Neuropsychological research has confirmed that multiple, complex, and concrete experiences are essential for meaningful teaching and learning. In their book, Making Connections: Teaching and the Human Brain, Caine and Caine (1991) examine in detail the way the brain learns. The authors suggest that in order to learn, the brain must be involved with “active processing” (p. 147). Caine and Caine describe active processing as “the consolidation and internalization of information, by the learner, in a way that is both personally meaningful and conceptually coherent. It is the path to understanding rather than to simple memory” (p. 147). Active processing assumes a person asks reflective questions about a learning experience: “What did I do?” “Why did I do it?” or “What did I learn?”
Cognitive theories of learning promoted a shift in educational philosophy and promoted the standards-based reforms that dictate all aspects of contemporary education in America. Lorrie Shepard (1989) summarized this shift in cognitive theory:
The notion that learning comes about by the accretion of little bits is outmoded learning theory. Current models of learning based on cognitive psychology contend that learners gain understanding when they construct their own knowledge and develop their own cognitive maps of the interactions among facts and concepts [...]. Real learning cannot be spoon-fed one skill at a time. (p. 5)

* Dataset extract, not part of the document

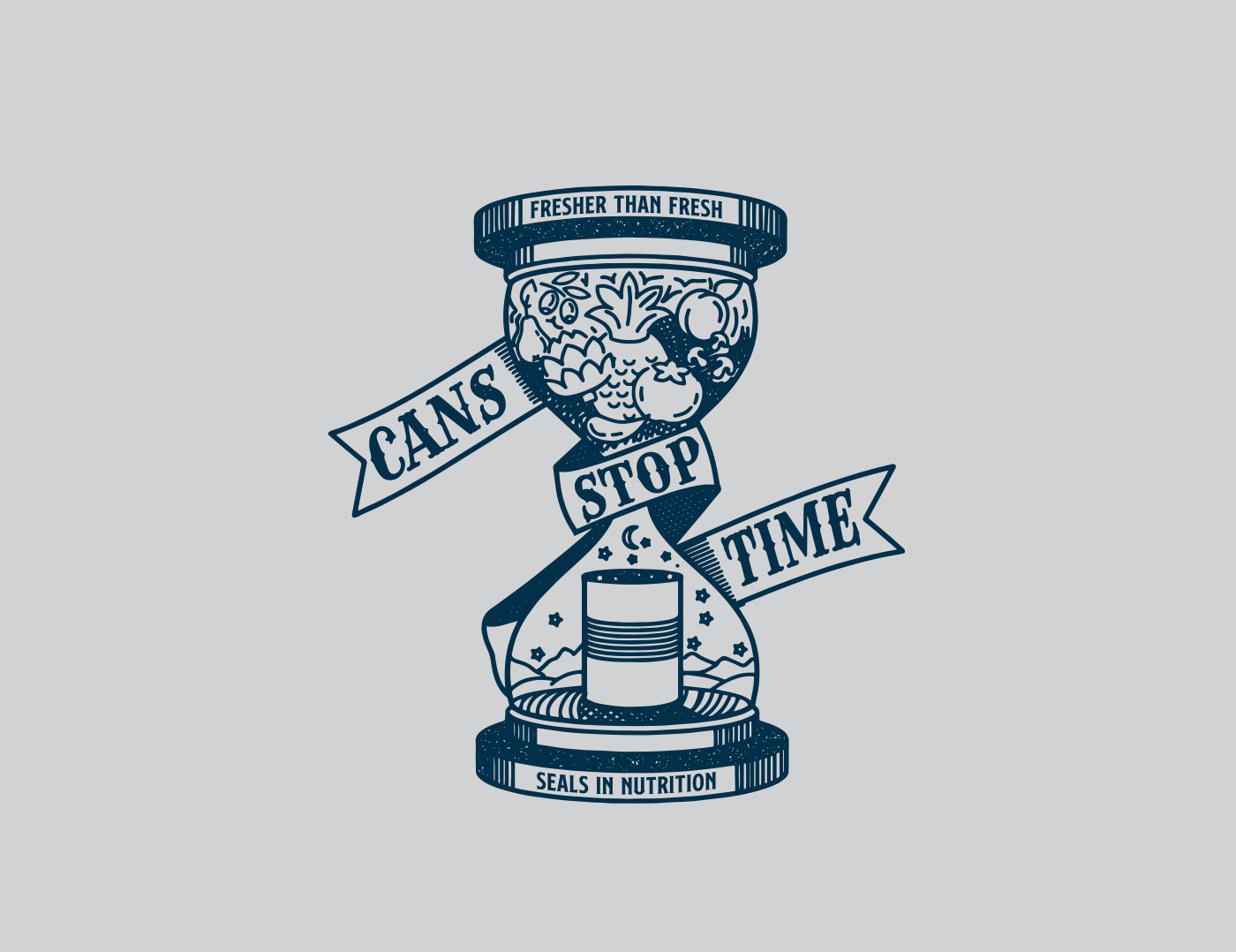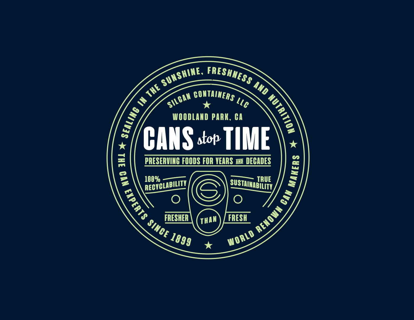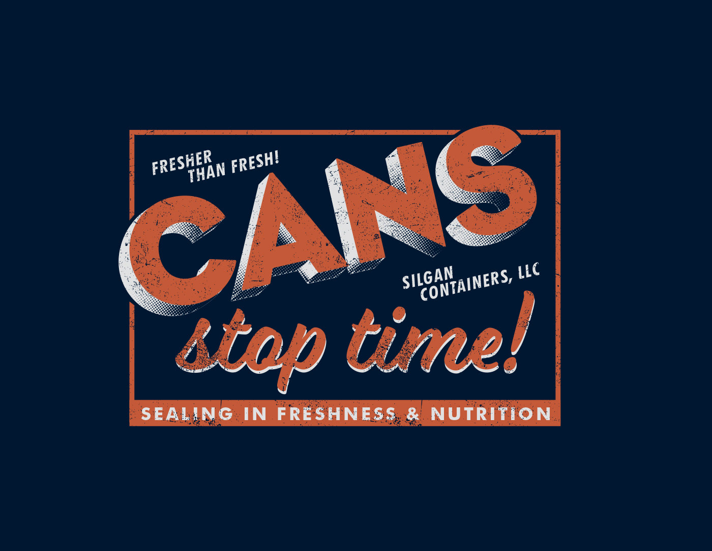 Silgan Containers, the largest provider of metal food packaging in the United States, asked me to create some historical graphics that harkened back to the advent of commercially canned foods to help celebrate the history of the company. Their tagline is "Cans Stop Time," meaning that through the canning process the freshness of the food is preserved in time. I created designs in a typographic styles ranging depression era design aesthetics through 50s modern atomic age styles.

Put simply, Shepard argues that if we want students to be able to solve open-ended problems and work cooperatively in groups, we should allow students to do so as part of their routine. According to Michaels (1988), “The clear message of reform is that we need to examine our basic philosophical beliefs about teaching, learning, the nature of human beings, and the kinds of environments that maximize growth for teachers and students alike” (p. 3).
Although Newmann and Wehlage (1993) developed their five standards of Authentic Instruction, they also pointed out that research at the time was not definitive about whether or not Authentic Instruction improves student learning more than traditional forms of instruction. They recommended that additional research be conducted to determine whether Authentic Instruction produces notable performance effects. Three studies in Washington State did just that, and have indeed found the links to academic achievement hypothesized by Newmann and Wehlage a decade earlier (Fouts, Brown & Thieman., 2002; Abbott & Fouts, 2003; Brown & Fouts, 2003).
Several studies (Baker, Gratama, Peterson, Thompson, 2010; Fouts, Brown & Thieman., 2002; Abbott & Fouts, 2003; Brown & Fouts, 2003) have revealed strong correlations between student achievement and the presence of Powerful Teaching and Learning in schools. These studies involved more than 15,000 classroom observations over an eight-year period. Powerful Teaching and Learning pulls together all of the theory and practice that aligns with an education system that seeks to educate all students. The purpose of the Facilitator Guide is to help teachers put the research into practice.